- **YOUR GOAL**: With the images removed, transcribe the listing that follows exactly.

- **DATA UNDER STUDY**:

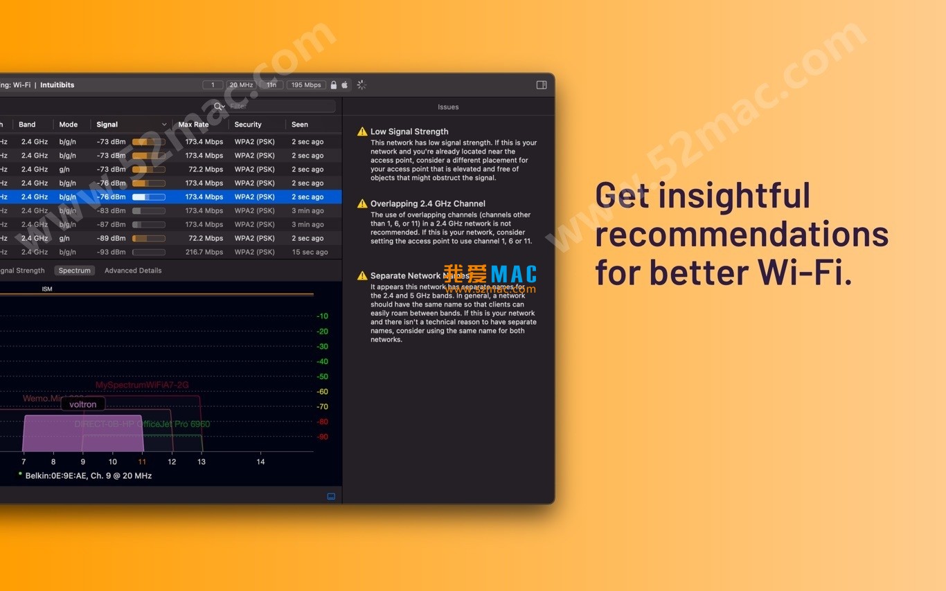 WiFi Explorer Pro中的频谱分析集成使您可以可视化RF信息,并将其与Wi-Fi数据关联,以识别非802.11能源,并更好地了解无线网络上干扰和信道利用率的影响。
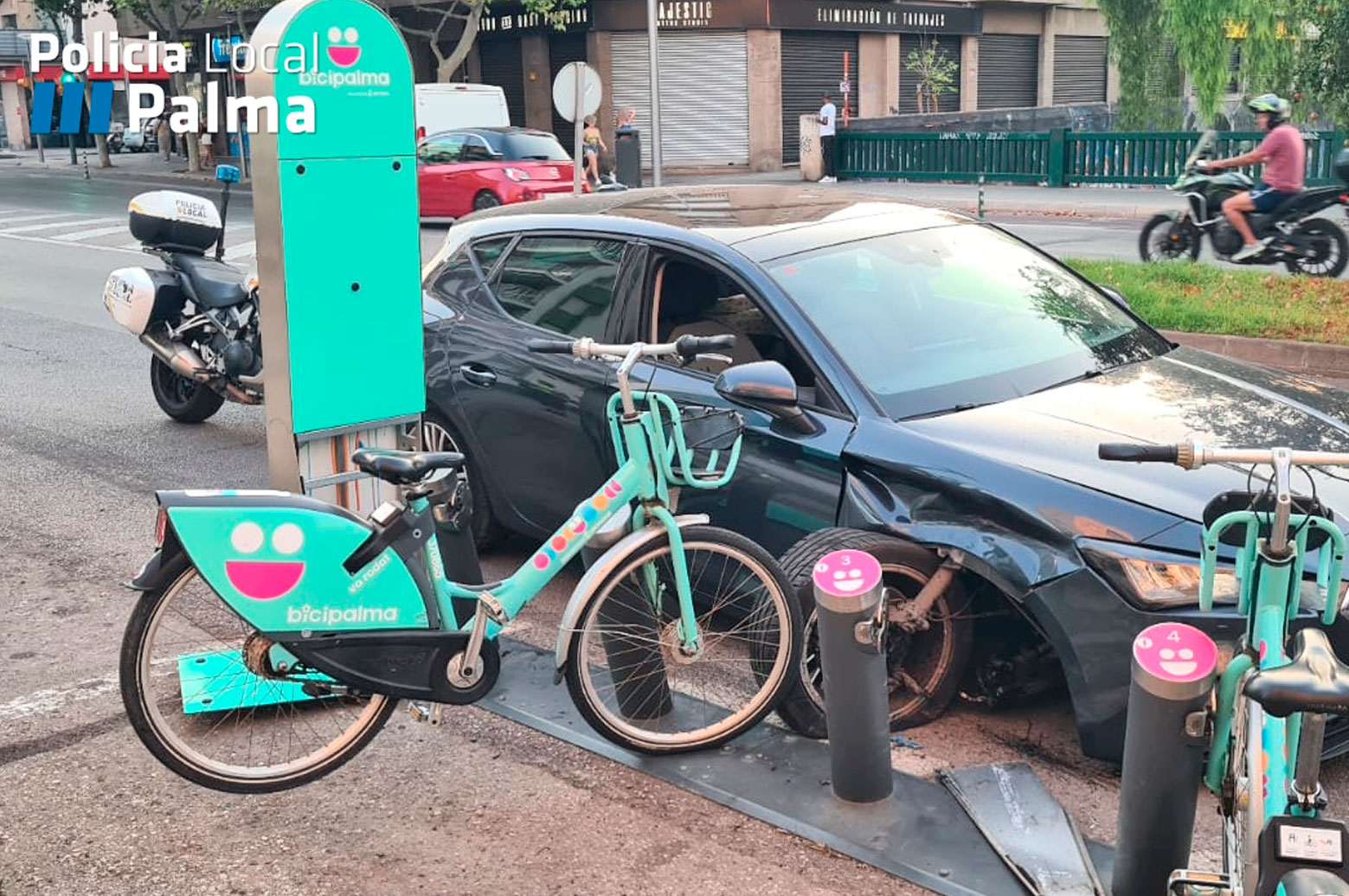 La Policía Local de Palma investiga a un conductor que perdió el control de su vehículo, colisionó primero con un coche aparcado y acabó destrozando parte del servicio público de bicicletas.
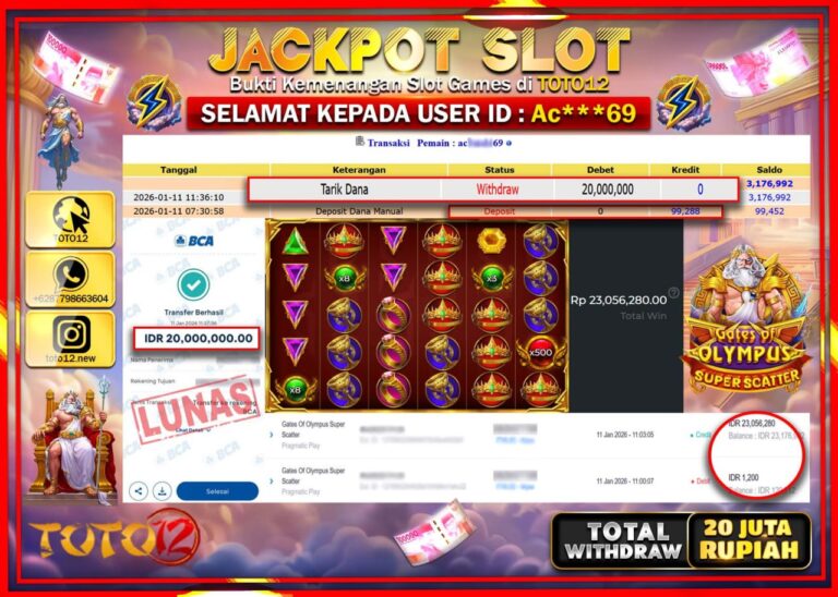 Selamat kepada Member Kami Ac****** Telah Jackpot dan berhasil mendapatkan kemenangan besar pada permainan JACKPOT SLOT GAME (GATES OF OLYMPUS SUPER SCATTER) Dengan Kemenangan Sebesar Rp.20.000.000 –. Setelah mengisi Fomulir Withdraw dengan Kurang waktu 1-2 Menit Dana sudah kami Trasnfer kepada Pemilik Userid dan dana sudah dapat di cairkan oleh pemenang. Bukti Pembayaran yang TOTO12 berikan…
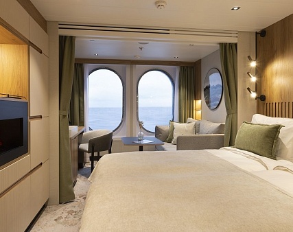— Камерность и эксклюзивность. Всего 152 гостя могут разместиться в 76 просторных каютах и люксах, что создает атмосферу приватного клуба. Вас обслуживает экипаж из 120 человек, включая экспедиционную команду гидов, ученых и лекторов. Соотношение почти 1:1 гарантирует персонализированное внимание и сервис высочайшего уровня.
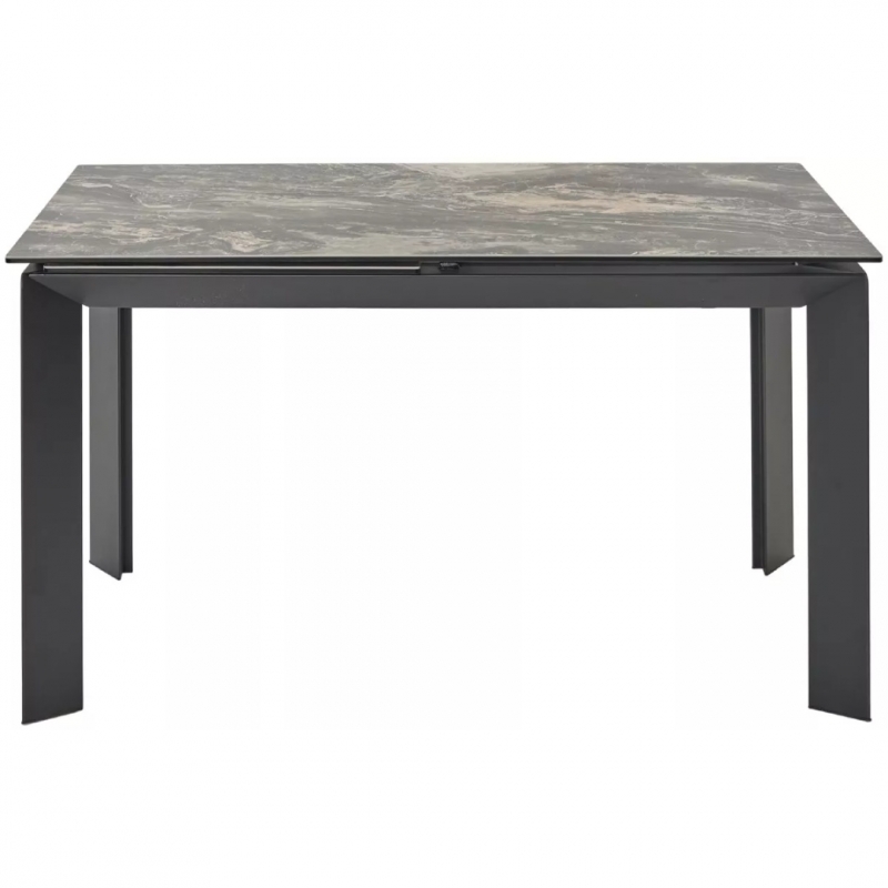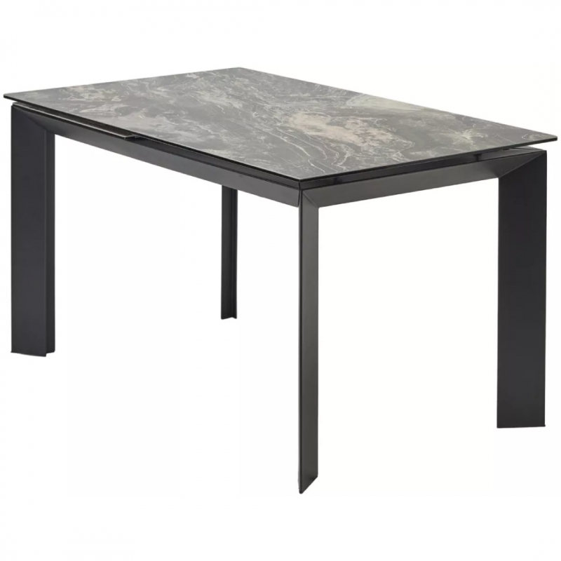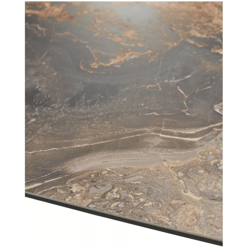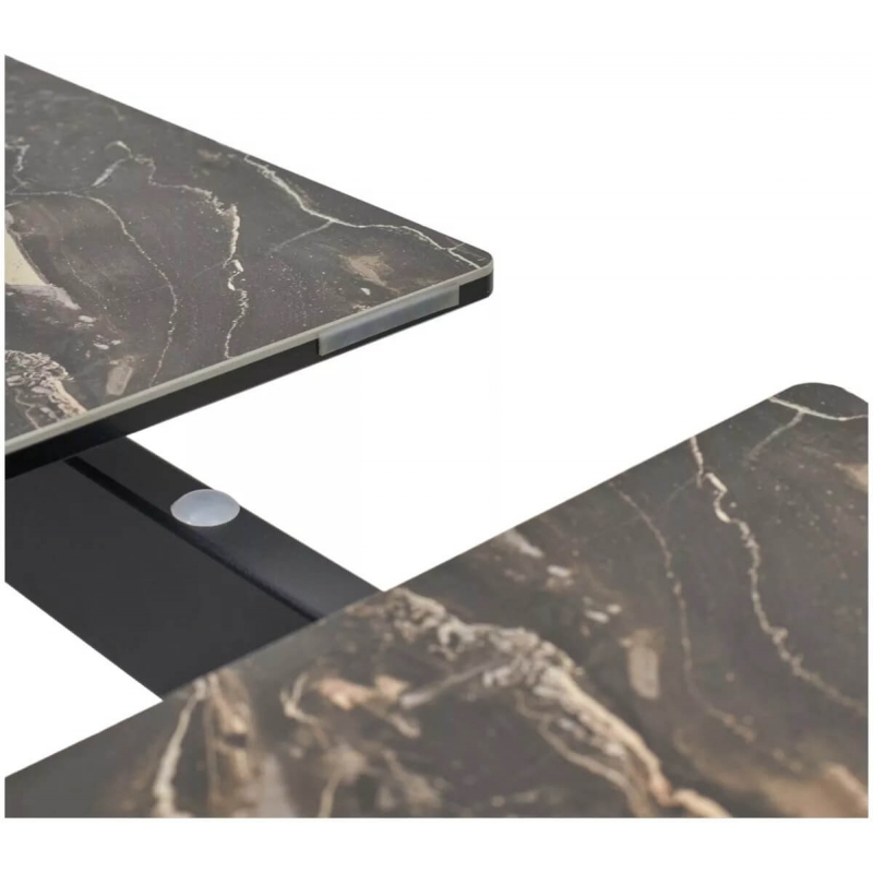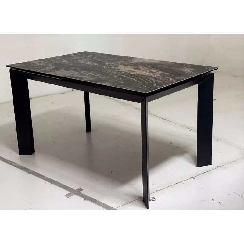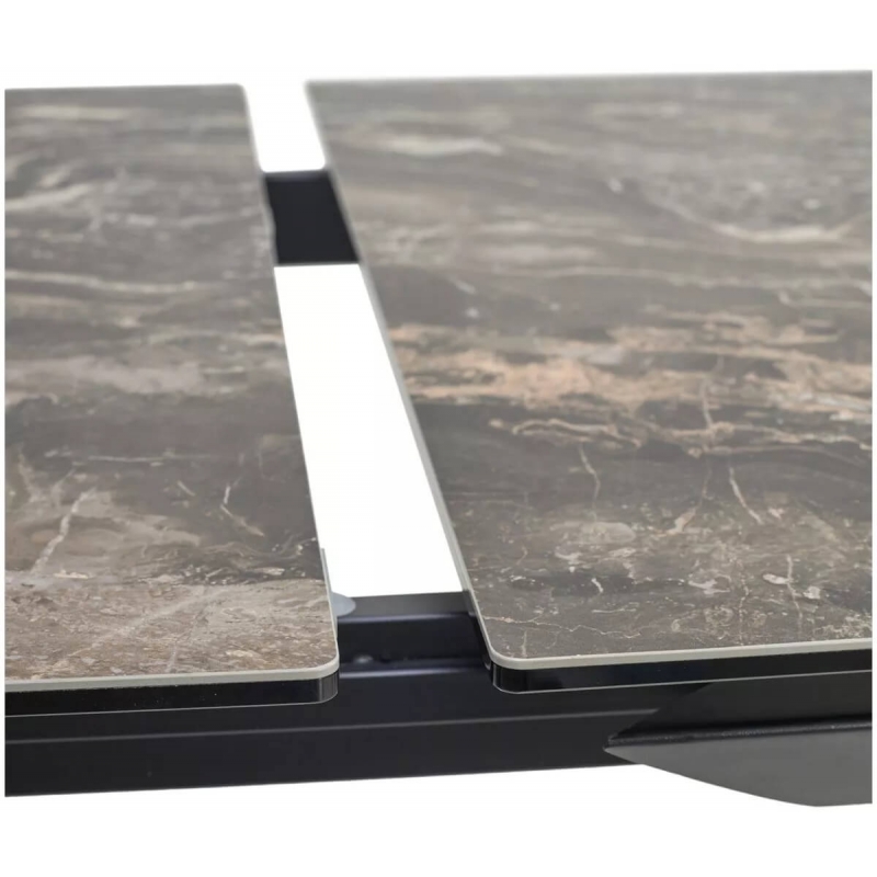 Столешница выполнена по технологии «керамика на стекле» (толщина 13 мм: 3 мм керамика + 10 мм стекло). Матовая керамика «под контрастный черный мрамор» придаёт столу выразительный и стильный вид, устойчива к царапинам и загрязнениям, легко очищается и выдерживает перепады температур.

- **TASK SOLUTION**:
 WiFi Explorer Pro中的频谱分析集成使您可以可视化RF信息,并将其与Wi-Fi数据关联,以识别非802.11能源,并更好地了解无线网络上干扰和信道利用率的影响。
 La Policía Local de Palma investiga a un conductor que perdió el control de su vehículo, colisionó primero con un coche aparcado y acabó destrozando parte del servicio público de bicicletas.
 Selamat kepada Member Kami Ac****** Telah Jackpot dan berhasil mendapatkan kemenangan besar pada permainan JACKPOT SLOT GAME (GATES OF OLYMPUS SUPER SCATTER) Dengan Kemenangan Sebesar Rp.20.000.000 –. Setelah mengisi Fomulir Withdraw dengan Kurang waktu 1-2 Menit Dana sudah kami Trasnfer kepada Pemilik Userid dan dana sudah dapat di cairkan oleh pemenang. Bukti Pembayaran yang TOTO12 berikan…
— Камерность и эксклюзивность. Всего 152 гостя могут разместиться в 76 просторных каютах и люксах, что создает атмосферу приватного клуба. Вас обслуживает экипаж из 120 человек, включая экспедиционную команду гидов, ученых и лекторов. Соотношение почти 1:1 гарантирует персонализированное внимание и сервис высочайшего уровня.
 Столешница выполнена по технологии «керамика на стекле» (толщина 13 мм: 3 мм керамика + 10 мм стекло). Матовая керамика «под контрастный черный мрамор» придаёт столу выразительный и стильный вид, устойчива к царапинам и загрязнениям, легко очищается и выдерживает перепады температур.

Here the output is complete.